- Opening Delimiter -

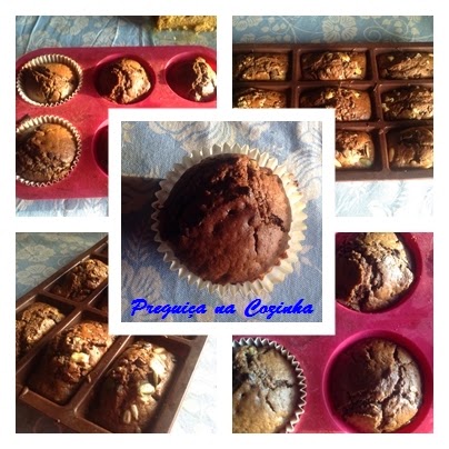 Como cá por casa somos gulosos, acrescentei toda a chávena de chocolate ao preparado e para decorar e colocar no meio parti pequenos pedaços de chocolate de leite e chocolate branco. Também, em alguns, pus nozes trituradas, pinhões e sementes de abóbora.
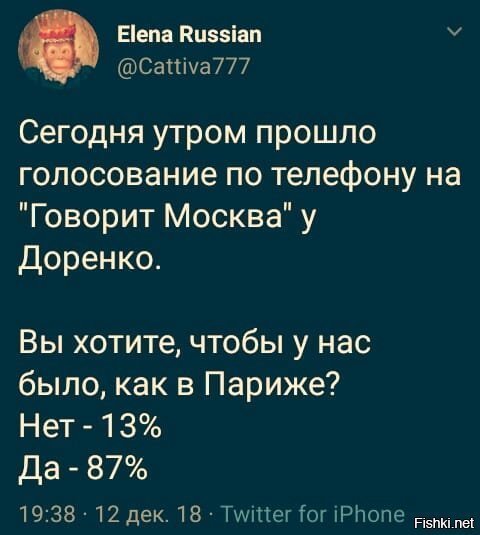 "Ребята" активно отстаивали свои права и поэтому достигли результата. Согласен. Но у нас "парижский" вариант не может случиться. Сожженными автомобилями и покрышками не закончится. Увы! Или Новочеркасск (1962г.) или опять Гражданская война (1917-1922гг.)
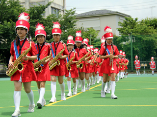 鶴友会ブラスバンド・バトン隊がグラウンドで発表会を行いました。 |

- Closing Delimiter -

### Problem to solve
Given the listing above, return exactly, and only, the lines from the line with "Гражданская война (1917-1922гг.)" through its final line, both included, with the pictures removed.

### Answer
 "Ребята" активно отстаивали свои права и поэтому достигли результата. Согласен. Но у нас "парижский" вариант не может случиться. Сожженными автомобилями и покрышками не закончится. Увы! Или Новочеркасск (1962г.) или опять Гражданская война (1917-1922гг.)
 鶴友会ブラスバンド・バトン隊がグラウンドで発表会を行いました。 |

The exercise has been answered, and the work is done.